Ratings Key



★★★★
= Excellent. The best the genre has to offer.
★★★
1/2 = Very Good. Perhaps not "perfect," but undoubtedly a must-see.
★★★ = Good. Accomplishes what it sets out to do and does it well.
★★1/2 = Fair. Clearly flawed and nothing spectacular, but competently made. OK entertainment.
★★ = Mediocre. Either highly uneven or by-the-numbers and uninspired.
1/2 = Bad. Very little to recommend.
= Very Bad. An absolute chore to sit through.
NO STARS! = Abysmal. Unwatchable dreck that isn't even bad-movie amusing.
SBIG = So Bad It's Good. Technically awful movies with massive entertainment value.

Sunday, October 23, 2011

Ritual of Death, The (1990)

Directed by:
Fauzi Mansur


After attending a lecture on ancient Indians, actor Brad (Olair Coan) exits the theater, smoke fills the hallways, strong gusts of wind start from nowhere and he sees four Indians running under the stage. When he goes down to take a look, the Indians are doing some kind of ceremony which involves blowing smoke on each other and a well-dressed older man (Sérgio Hingst) in a bowler hat appears, tells him he wants "the book" and then his hand suddenly starts oozing green blood. One of the Indians grabs Brad's arm, and his hand starts oozing white blood. Then everyone disappears. Brad's weird friend Jim (Michael Kelly) shows up, brushes off his crazy story and tells him he wants to translate an Egyptian parchment for a theatre play ("a real exotic horror show!") he plans on writing and producing. The only problem is that the sacred text he wants to use as the basis is in the possession of the lecturer / librarian (Serafim Gonzales) and he supposedly keeps it hidden in the attic of the library. Brad's friend / the play's director Mickey (Tião Hoover) sneaks in, manages to find it and steals it. Supposedly, by altering the original text, you unleash a curse, Brad, Jim, Mickey and their friends all ignore that and go ahead with whipping up a script, anyway.

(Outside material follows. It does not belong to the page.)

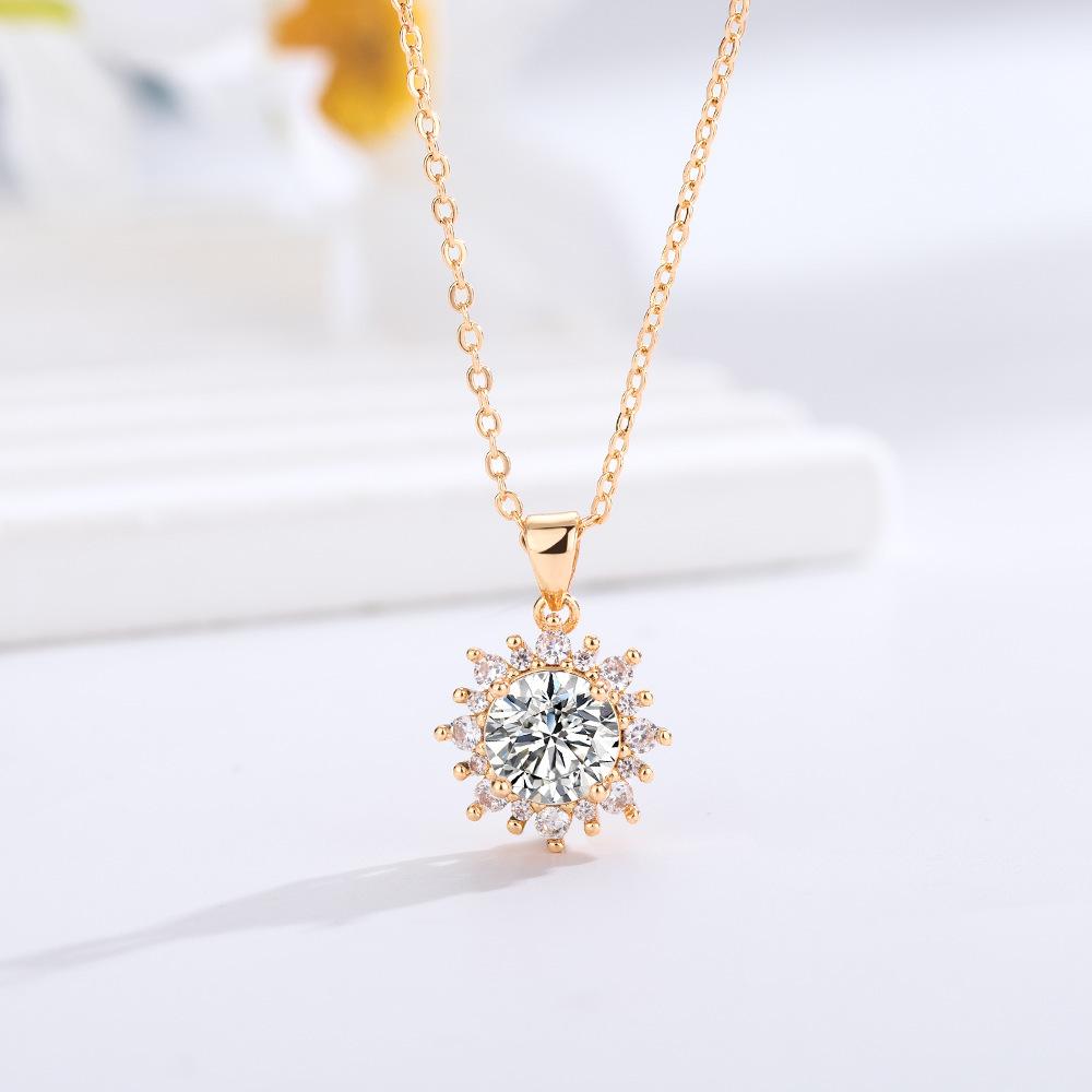 New Seiko Full Diamond Sunflower Necklace, Light Luxury Ins Wind Collarbone Chain

Next thing ya know, all kinds of weird shit starts going down. Jim and his female friend (Graça Costa) drizzle blood all over themselves from a (real) goat head and have sex in a blood-filled bathtub. Brad starts freaking out and begins eating raw meat. Frogs appear in his bedroom and then he starts bleeding and mutating. After squeezing a puss-filled boil that appears, his face completely starts to fall apart. He also starts having homicidal impulses, which become increasingly more difficult to control. While enacting a scene from the play, Brad gets a little too into a strangling scene with one of the actresses and has to fight off the urge to slit his girlfriend Carol's (Carina Palatinik) throat with a sickle. Before too long, he's completely possessed and has no control over what he does. What's to come is an extremely gory killing spree that puts most other slashers to shame in the blood and guts department.







Brad visits one of his cast mates, Liza (Lilian Ramos), who makes extra money working as a hooker, and proceeds to stab her in the stomach. As she lies on the ground, suddenly a train (!!!) rolls over her and cuts her in half! He returns to the theater, where another girl tries to help him and is repaid by getting stabbed in the mouth. Another actress (who is in the middle of hanging pictures in the theater hallway wearing nothing but a t-shirt and thong [?]) gets her stomach beat in and guts yanked out with a hammer. There's also a strangulation with a chain, a drowning, eyeballs poked out, a knife through the throat and a guy getting crushed by a piece of heavy machinery until his guts pour out. In one of the more memorable scenes, a man has battery acid thrown in his face and then get chopped to pieces by the propeller of a wind machine. There are also zombies. As it turns out, the old man, Mr. Parker, is actually a ghost wanting to return to life and is planning on possessing Brad to do so. Jim and Carol, with help from the librarian, must find a way to stop him.






It’s really not too bad as far as these things go. The storyline is thin and often confusing, the acting and dialogue are both terrible (it's English-dubbed) and the low budget is evident in the flat 16mm photography, poor lighting and schizo editing cuts, but the whole point is to be uber gory, and this delivers the gooods on that front. In fact, it's so violent it had to be released unrated in the U.S. (the distributor was Complete Entertainment). The director, best known in his native country as a porn director, also made SATANIC ATTRACTION (1989) for the direct-to-video market. Lead actor Coan died in a car accident in 2007.